§ **WORK INSTRUCTIONS**
Begin at the top of the records below and print each line exactly until the line containing "Зоран Заев и" has been printed; any pictures are to be left out.

+++ RECORD SET

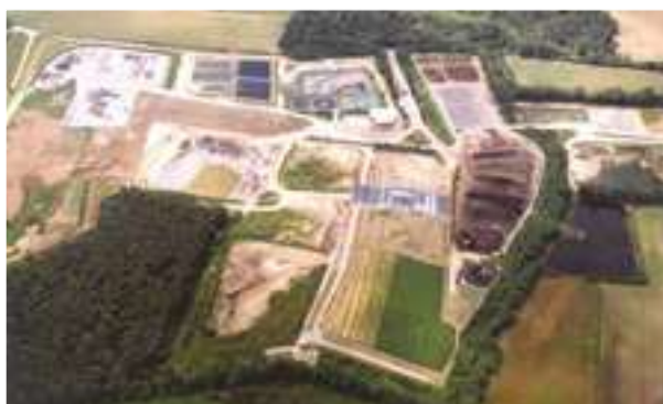
2000 / 2008 - Pont Scorff - Francie - 60.000 m 2
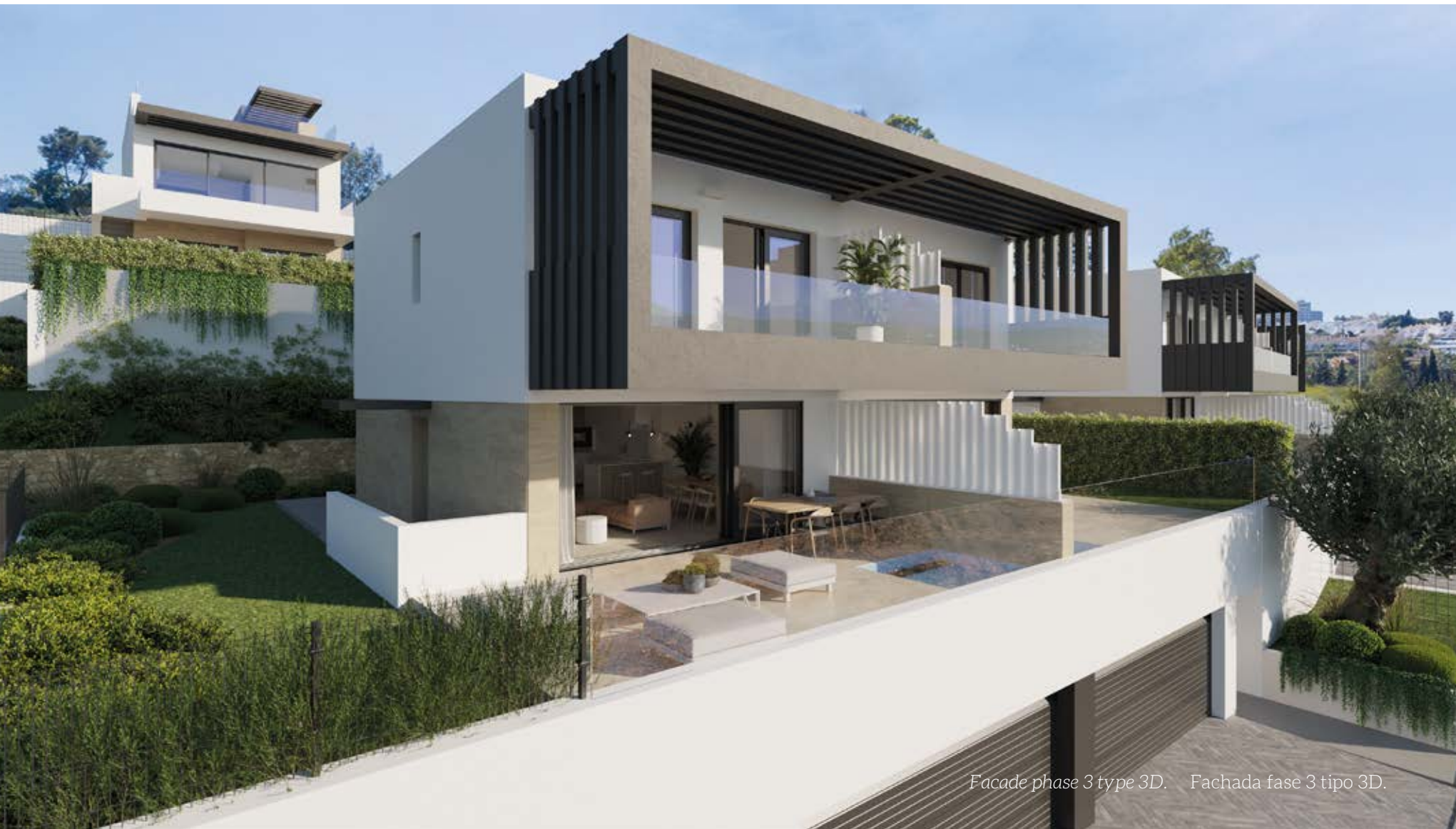
Facade phase 3 type 3D. Fachada fase 3 tipo 3D.
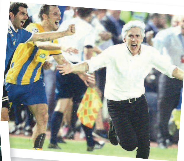
Τέσσερις τίτλους και ευρωπαϊκές επιτυχίες έχει ο Ιβάν Γιοβάνοβιτς με τον ΑΠΟΕΛ, που εδώ πανηγυρίζει έντονα.
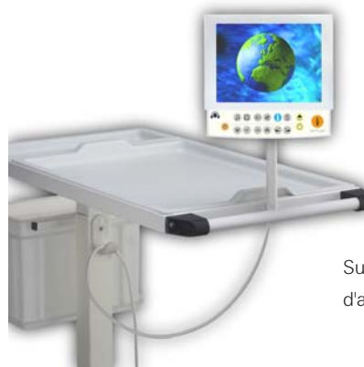
Support de table d'appoint avec LCD-TV8

Pour des tâches souvent un peu plus compliquées : des solutions simples pour des situations hors du commun.
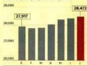
Crédito para pequeña empresa

El dato. Empleo formal aún no refleja mejoría de pequeñas empresas.
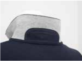
inserto nel sottocollo per eventuale personalizzazione
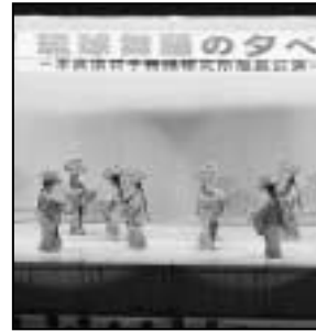
～琉球舞踊の夕べから～
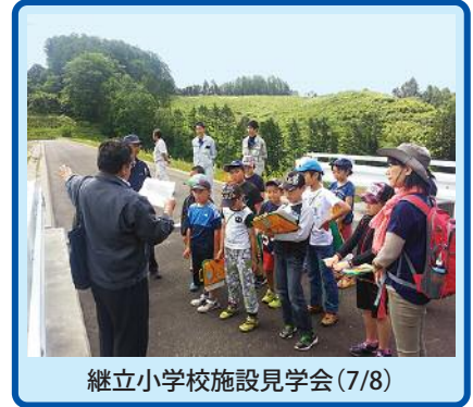
継立小学校施設見学会(7/8)
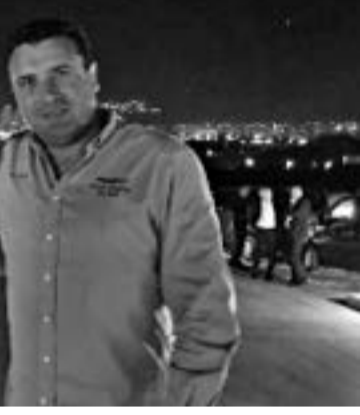
Зоран Заев и Александър Сорос-младши след тайната среща в Охрид, 10 ноември 2019 г.

(10.02.2021 г.) съобщил за агресивно откровение на северномакедонския премиер, който в своето тясно обкръжение е заявил, че „Спасот на македонизмът е што сега Америка “е криши бугарски кости“. Сиреч: „Спасението на македонизма е, че сега Америка ще троши български кости“. По всяка вероятност самият Заев много лесно може да се отметне от своите думи. Правил го е неведнъж и нищо няма да му попречи да го направи и сега. Но ако не нещо друго от тези негови думи може да се разбере скавки чувствата е зареден спрямо страната ни „приятелот на Бугарија“. Освен това, че и той не изостава от идеолога на модерния „македонизъм“ - лидера на ВМРО - ДПМНЕ Християн Мицкоски, който възнамерява да превърне тази сърбоманска доктрина във верую на всички етноси в Северна Македония. Оказва се, че самият Зоран Заев се е нагърбил с още по-непопулярна задача ...спасяването
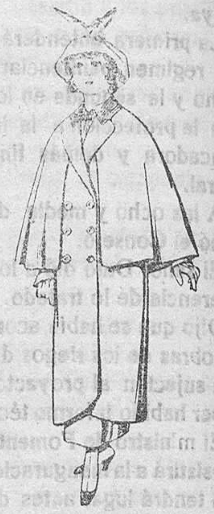
Abrigos de paten colores novedad para jovencitas de 10 a 16 años De Pts. 35 a 40

SECCIONES: Pelotería, Camisería, Géneros de Punto, Corbatería, Guantería, Sombrerería, Zapatería, Paraguas, Bastones y Artículos de Viaje.
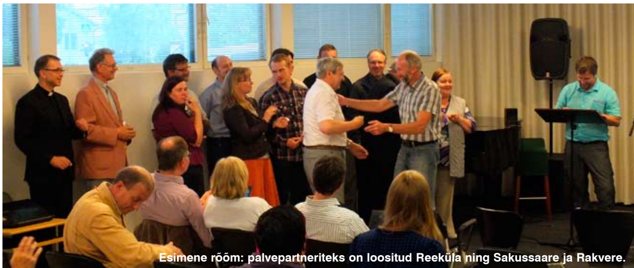
Esimene rööm: palvepartneriteks on loositud Reeküla ning Sakussaare ja Rakvere.
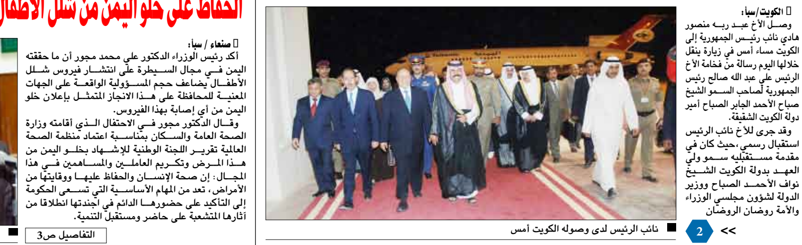
نائب الرئيس لدى وصوله الكويت أمس
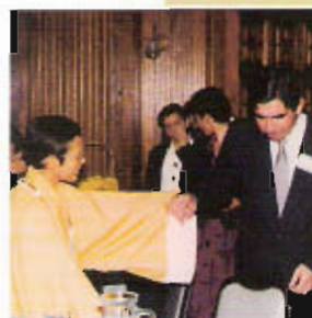
Prezydent Óscar Arias Sánchez
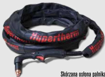
Skórzana osłona palnika
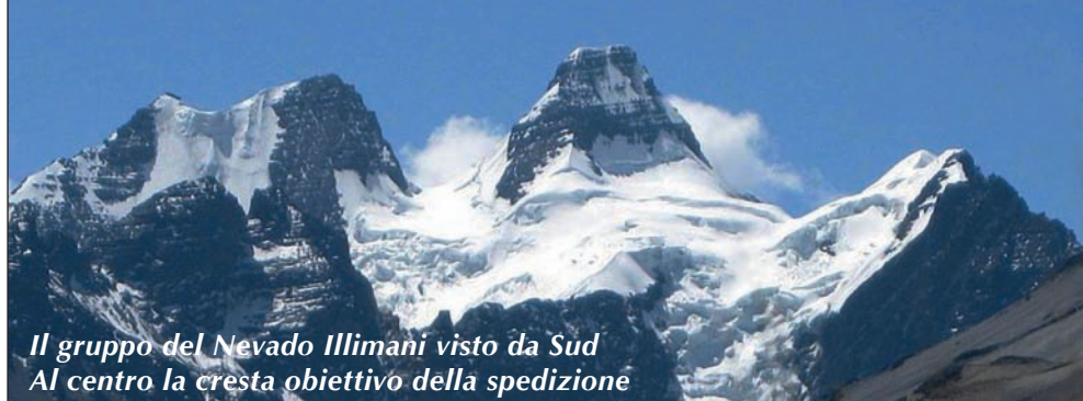
Il gruppo del Nevado Illimani visto da Sud Al centro la cresta obiettivo della spedizione
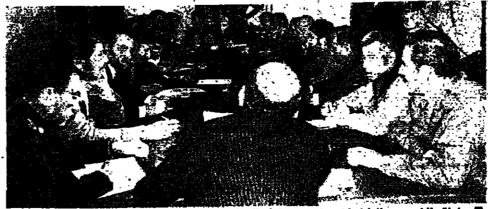
لجنة التنسيق العليا التمهيدية في السراي امس

تأهلت لجنة التنسيق العليا اجتماعاتها قبل ظهر امس في السراي كـ يغبياي رئيس الحكومة السيد رشيد كرامي والوزير غسان تويني، وذلك بسبب انعقاد جلسة مجلس الوزراء في نفس الوقت.
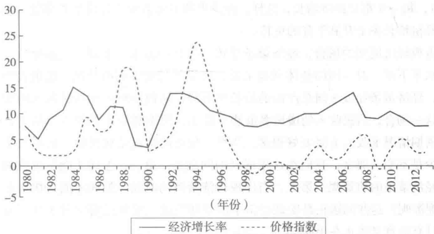
图 1-2 我国改革开放以后的宏观经济波动

高的年份是 1984 年，达到 15.2%，经济增长率最低的年份是 1990 年，为 3.8%。不仅如此，经济增长的波动不再表现为正增长和负增长的交替，而仅仅表现为增长率高低的交替。与经济增长率较为稳定的表现相反，改革开放以后，和计划经济时期相比，价格波动的幅度大大提高。在 20 世纪 80 年代和 20 世纪 90 年代大部分时期，频繁爆发通货膨胀（即物价上涨），对宏观经济造成严重干扰。通过市场化改革的深入，2000 年以后，价格波动的幅度大为下降，表现出较好的稳定性。
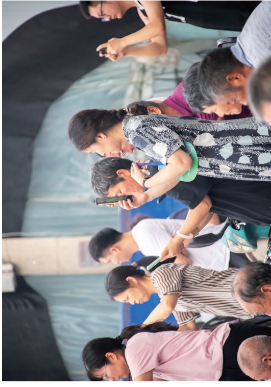
村民纷纷拿起手机拍下打球镜头

据了解,今年参赛的球队除了新市村、五圩村等村级球队,还有江苏省奔牛高级中学、奔牛实验小学等校队和九号科技有限公司等企业球队,奔牛镇综合行政执法局也组队参加了比赛。 根据市文明办部署开展的“2024年常州市新时代文明实践基层联赛开展系列活动”,作为奔牛镇新时代文明实践联赛开展系列活动之一,本届“村BA”将持续到7月底。此外,奔牛镇新时代文明实践所还将举行丰富多彩的活动,让百姓身边的文明实践服务长流水、不断线,精神文化生活不断提升。
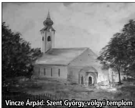
Vincze Árpád: Szent György-völgyi templom

Sok készülődést igényelt, míg kiválogattuk a megfelelő képeket, és amíg minden kép a helyére került. Annak ellenére, hogy már mindegyikünknek volt kiállítása, nagyon izgultunk, hogy minden jól sikerüljön, s hogy képeink elnyerjék a vendégek tetszését. Végül eljött a megnyitó. 18 óra után nem sokkal már tele volt a Kastély Vendéglő, ami örömmel töltött el minket, de fokozta az izgalmunkat is, mivel a megnyi-
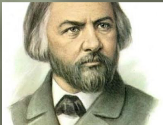
М. И. Глинка
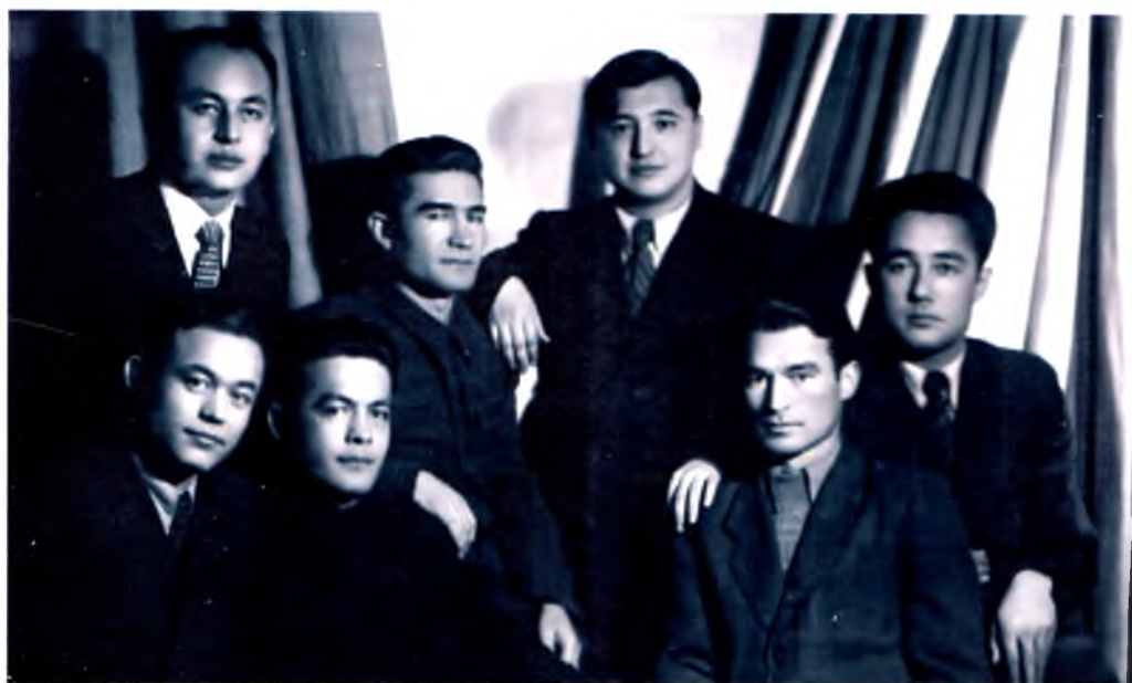
Ўзбекистонлик аспирантлар даврасида, Москва, 1952 йил
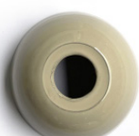
Beige esmaltado Glazed beige Beige émaillée
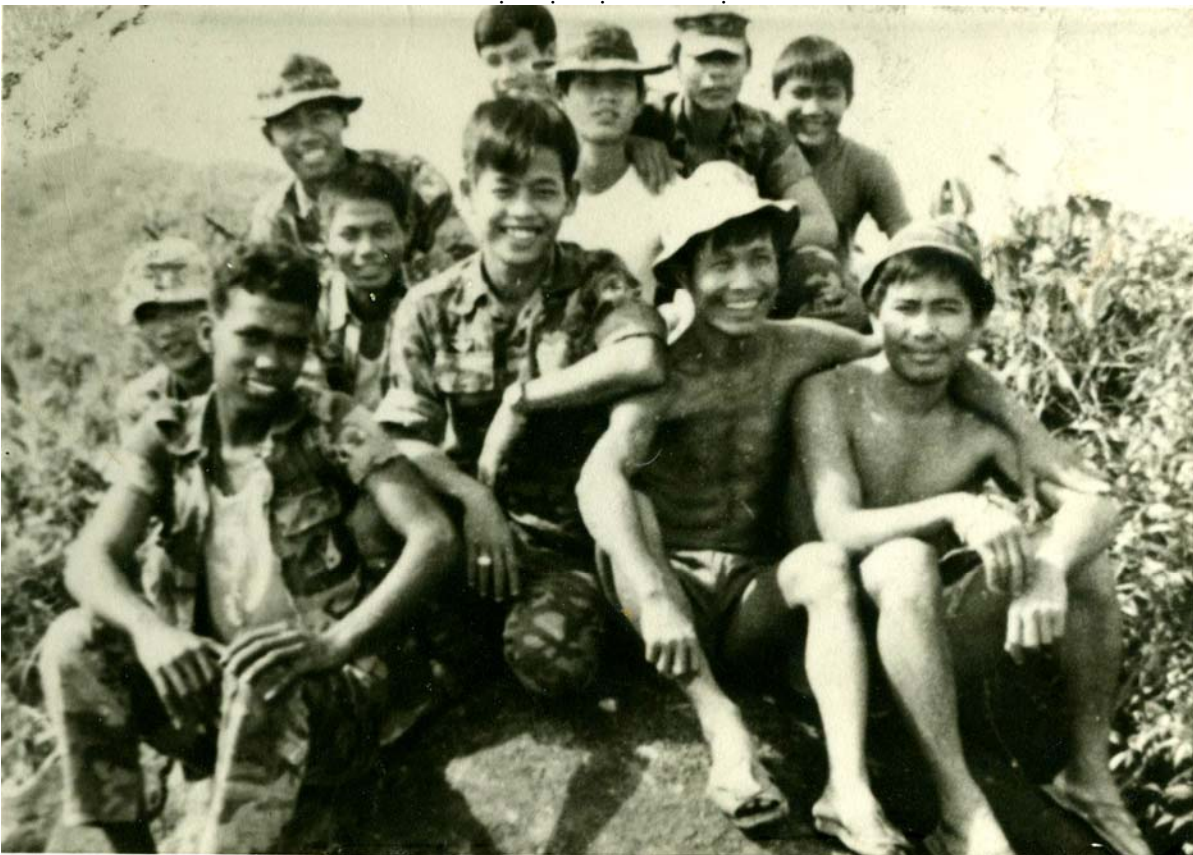
ĐĐ92 Dù- Quảng Nam 1974 - Club Đầu Mây Chân Gió

++++++

§ **RESPONSE**
2000 / 2008 - Pont Scorff - Francie - 60.000 m 2
Facade phase 3 type 3D. Fachada fase 3 tipo 3D.
Τέσσερις τίτλους και ευρωπαϊκές επιτυχίες έχει ο Ιβάν Γιοβάνοβιτς με τον ΑΠΟΕΛ, που εδώ πανηγυρίζει έντονα.
Support de table d'appoint avec LCD-TV8

Pour des tâches souvent un peu plus compliquées : des solutions simples pour des situations hors du commun.
Crédito para pequeña empresa

El dato. Empleo formal aún no refleja mejoría de pequeñas empresas.
inserto nel sottocollo per eventuale personalizzazione
～琉球舞踊の夕べから～
継立小学校施設見学会(7/8)
Зоран Заев и Александър Сорос-младши след тайната среща в Охрид, 10 ноември 2019 г.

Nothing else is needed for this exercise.